Reyes se concentre sur le “zéro” en tant qu’élément graphique, visuel et conceptuel commun à toutes les langues, utilisé comme symbole de l’unité mondiale pour une cause universellement partagée: empêcher la destruction de la vie sur terre. Il s’inspire du design de l’emblématique horloge du jugement dernier du Bulletin of the Atomic Scientists, créée en 1947 par l’artiste paysagiste Martyl Langsdorf (1917 - 2013), épouse du physicien et membre fondateur du Bulletin Alexander Langsdorf. L’horloge est devenue un indicateur universellement reconnu de la vulnérabilité du monde aux catastrophes causées par les armes nucléaires, le changement climatique et les technologies de rupture. Elle est affichée sous la forme d’un panneau lumineux et est réglée à minuit moins 100 secondes selon les calculs des scientifiques: le point le plus proche de l’apocalypse depuis sa création à la fin de la Seconde Guerre mondiale.
Le slogan “Zéro arme nucléaire”, traduit dans une myriade de langues, est présenté sur des panneaux de protestation peints à la main, brouillant ainsi la frontière entre l’art et l’activisme. Il fait référence à la protestation mondiale contre la course aux armements qui a débuté en 1958 et qui, au cours de trente années de résistance massive, des années 1960 aux années 1980, a poussé les gouvernements à réduire radicalement leurs arsenaux nucléaires.
L’exposition comprend des vêtements de protestation produits par la styliste mexicaine Carla Fernández, qui ont déjà été utilisés dans une performance de la compagnie de danse Nohboards, un élément qui réaffirme l’effort de collaboration pour le désarmement mondial. Le mouvement populaire est également rappelé par une fresque photographique créée en collaboration avec la Campagne pour le désarmement nucléaire (CND ) à partir d’images d’archives de cette mobilisation mondiale.

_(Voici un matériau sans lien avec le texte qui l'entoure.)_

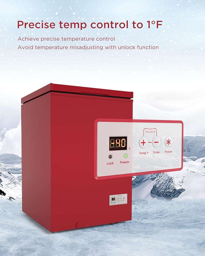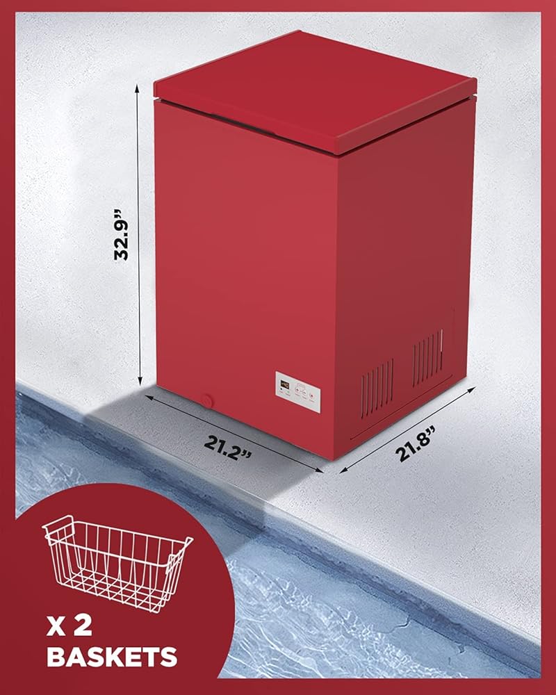 OPTIMAL STORAGE - At 3.5 Cubic Feet, the Northair Chest Freezer is compact enough for the modern home however spacious enough to store a sizeable amount of food. Freezer Dimensions: 21.2"(L) x 21.8"(W) x 30.9"(H) and is light and easy to move.It will come with two baskets .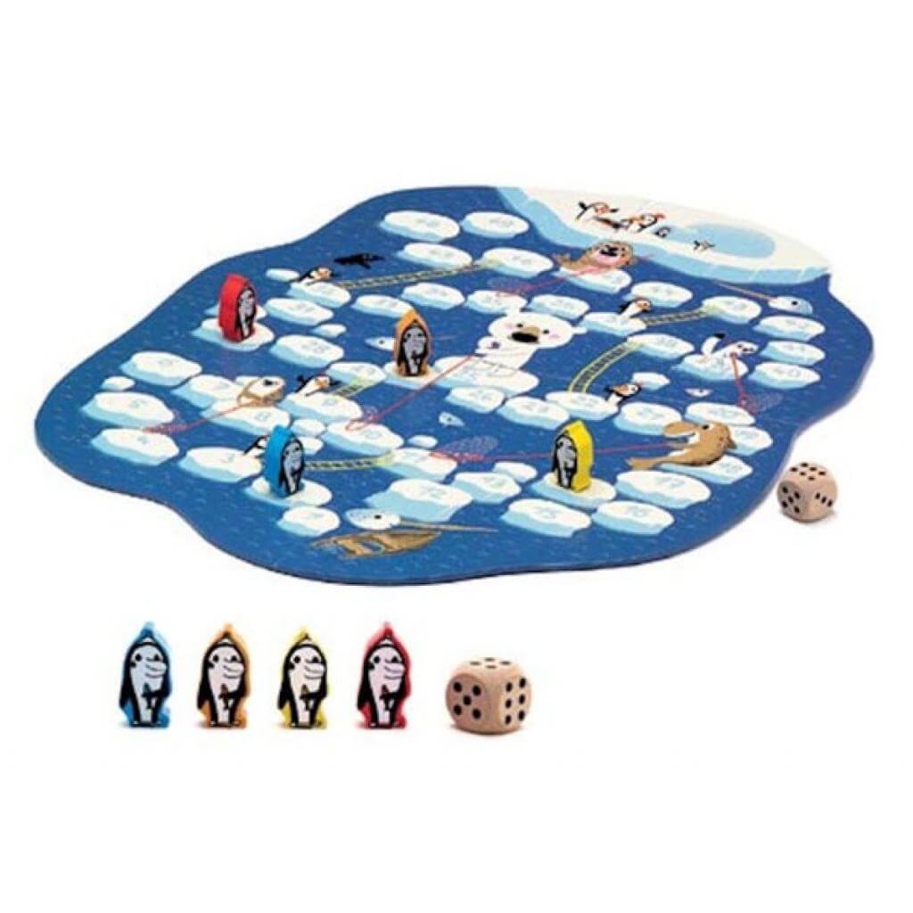 Гра призначена для хлопчиків і дівчаток від 5 років. У грі бере участь від 2 до 4 осіб. На ігровому полі зображені "крижинки", за якими пінгвінчики пересуваються до себе додому, на айсберг. Комплектація: розкладне ігрове поле, 4 різнокольорові фігурки пінгвінів, кубик для визначення кількості ходів, ілюстрована книжка з правилами гри. Ігровий набір упакований в барвисту унікальну упаковку з щільного картону. Всі елементи виконані з високоякісних екологічних матеріалів.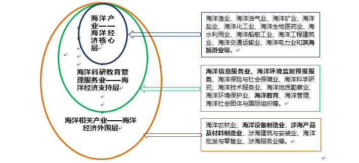 根据中国国家海洋局海洋经济统计公报,海洋产业是开发、利用和保护海洋所进行的生产和服务活动。根据海洋经济活动的性质,海洋经济划分为两类三个层次,海洋产业又分为海洋产业和海洋科研教育管理服务业。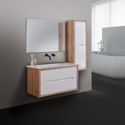 80 ארון קומו פורניר 80 , כיור משטח ומראה מרחפת

Le symbole de la paix, aujourd’hui utilisé dans tous les contextes pacifistes, mais conçu à l’origine comme un symbole d’opposition aux armes nucléaires, est récurrent dans les panneaux. Il a en effet été créé par le designer et activiste Gerald Holtom en 1958, en retravaillant le langage sémaphore pour indiquer les lettres D et N: le désarmement nucléaire. Le symbole figure également sur Stockpile, une sculpture composée de ballons en forme de missiles signés et numérotés qui font référence aux 12 705 ogives nucléaires existantes dans le monde. Un certain nombre de ballons en édition limitée seront offerts au public en échange d’un message sur les médias sociaux, invitant le public à démanteler symboliquement le stock nucléaire mondial, tout en sensibilisant aux menaces nucléaires.
Reyes s’inspire également du symbole de la colombe, d’origine biblique (la colombe revenant à l’arche de Noé après le déluge, portant un rameau d’olivier, signe de la présence de la terre et de la paix retrouvée entre Dieu et l’homme) mais qui est devenu un emblème séculier et universel au fil des siècles.

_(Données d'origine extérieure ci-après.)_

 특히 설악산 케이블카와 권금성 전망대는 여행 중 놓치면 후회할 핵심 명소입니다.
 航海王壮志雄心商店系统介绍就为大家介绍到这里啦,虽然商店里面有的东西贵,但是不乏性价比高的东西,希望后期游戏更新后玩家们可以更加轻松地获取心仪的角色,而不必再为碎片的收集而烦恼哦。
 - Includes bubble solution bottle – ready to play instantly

Reyes se réfère en particulier à la sculpture de Costantino Nivola, Homme de Paix(Hombre de Paz), réalisée par l’artiste sarde en 1968 pour la Ruta de l’Amistad, un ensemble monumental composé de 19 sculptures d’artistes internationaux appelés à collaborer à l’occasion des Jeux olympiques de Mexico. Située à proximité des Torres de los Vientos de Gonzalo Fonseca, construites à la même occasion et transformées par Reyes en espace d’art indépendant de 1996 à 2002, la sculpture de Nivola a été une présence importante au fil des ans, tant sur le plan conceptuel que stylistique. L’esprit de l’homme de paix, le bras levé “en signe de protestation et d’avertissement contre la méchanceté des gouvernements en guerre”, comme l’a écrit Nivola, revit dans une grande sculpture en bois aux formes androgynes qui élève vers le ciel une main-colombe créée par Reyes, un hommage à Nivola ainsi qu’à tous les artistes, de Picasso à Le Corbusier en passant par Niemeyer, qui se sont mesurés à ce symbole simple mais puissant.

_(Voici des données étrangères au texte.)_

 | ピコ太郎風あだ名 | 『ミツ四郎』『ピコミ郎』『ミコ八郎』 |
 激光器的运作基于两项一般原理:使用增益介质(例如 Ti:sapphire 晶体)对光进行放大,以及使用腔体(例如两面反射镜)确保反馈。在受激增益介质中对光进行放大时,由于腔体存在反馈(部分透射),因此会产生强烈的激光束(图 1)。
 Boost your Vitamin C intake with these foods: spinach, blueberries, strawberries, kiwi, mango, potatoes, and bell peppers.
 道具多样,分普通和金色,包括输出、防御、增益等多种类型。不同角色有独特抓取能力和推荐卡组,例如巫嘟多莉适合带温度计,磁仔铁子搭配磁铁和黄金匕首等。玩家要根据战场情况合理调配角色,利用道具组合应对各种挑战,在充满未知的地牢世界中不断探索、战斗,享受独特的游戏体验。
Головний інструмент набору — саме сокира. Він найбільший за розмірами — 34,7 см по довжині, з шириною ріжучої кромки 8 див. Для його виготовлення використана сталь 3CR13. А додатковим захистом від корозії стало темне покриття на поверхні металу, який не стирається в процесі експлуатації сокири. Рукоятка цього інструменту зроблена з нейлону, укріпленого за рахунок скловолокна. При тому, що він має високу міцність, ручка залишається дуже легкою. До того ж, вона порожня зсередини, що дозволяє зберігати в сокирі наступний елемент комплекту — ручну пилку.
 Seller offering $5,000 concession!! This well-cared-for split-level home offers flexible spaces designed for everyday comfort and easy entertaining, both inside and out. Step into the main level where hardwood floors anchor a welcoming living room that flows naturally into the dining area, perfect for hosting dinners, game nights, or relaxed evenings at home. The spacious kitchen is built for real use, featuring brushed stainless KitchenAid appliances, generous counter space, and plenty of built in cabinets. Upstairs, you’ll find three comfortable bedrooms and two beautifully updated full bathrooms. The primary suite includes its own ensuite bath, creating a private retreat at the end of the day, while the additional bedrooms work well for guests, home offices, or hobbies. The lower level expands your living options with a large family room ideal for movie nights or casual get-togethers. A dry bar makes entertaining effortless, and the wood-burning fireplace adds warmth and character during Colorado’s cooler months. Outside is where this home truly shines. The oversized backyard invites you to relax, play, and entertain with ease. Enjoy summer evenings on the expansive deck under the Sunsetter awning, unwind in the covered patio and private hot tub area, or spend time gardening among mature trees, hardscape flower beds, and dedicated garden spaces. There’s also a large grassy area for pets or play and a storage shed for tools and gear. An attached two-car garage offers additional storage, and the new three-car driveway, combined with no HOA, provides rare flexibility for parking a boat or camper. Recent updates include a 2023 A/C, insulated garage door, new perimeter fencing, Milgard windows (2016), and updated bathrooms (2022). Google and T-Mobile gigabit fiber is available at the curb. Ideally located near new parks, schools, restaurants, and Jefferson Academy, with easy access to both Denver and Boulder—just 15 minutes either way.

Dans l’ancien lavoir d’Orani, qui abrite aujourd’hui les expositions temporaires du musée Nivola, le champignon atomique et la main de la colombe sont juxtaposés comme autant de symboles des peurs et des espoirs de l’humanité.
Le projet est complété par une série d’affiches des Artistes contre la bombe, une campagne mondiale contre la bombe atomique promue par Reyes et toujours en cours. À l’intérieur du musée et dans les rues d’Orani, il sera possible de voir des gravures de Harrell Fletcher, Tsubasa Kato, Santiago Sierra, Mónica de la Torre et Monica Bonvicini, des œuvres qui reflètent notre peur collective renouvelée et documentent la contribution de la communauté créative au désarmement nucléaire.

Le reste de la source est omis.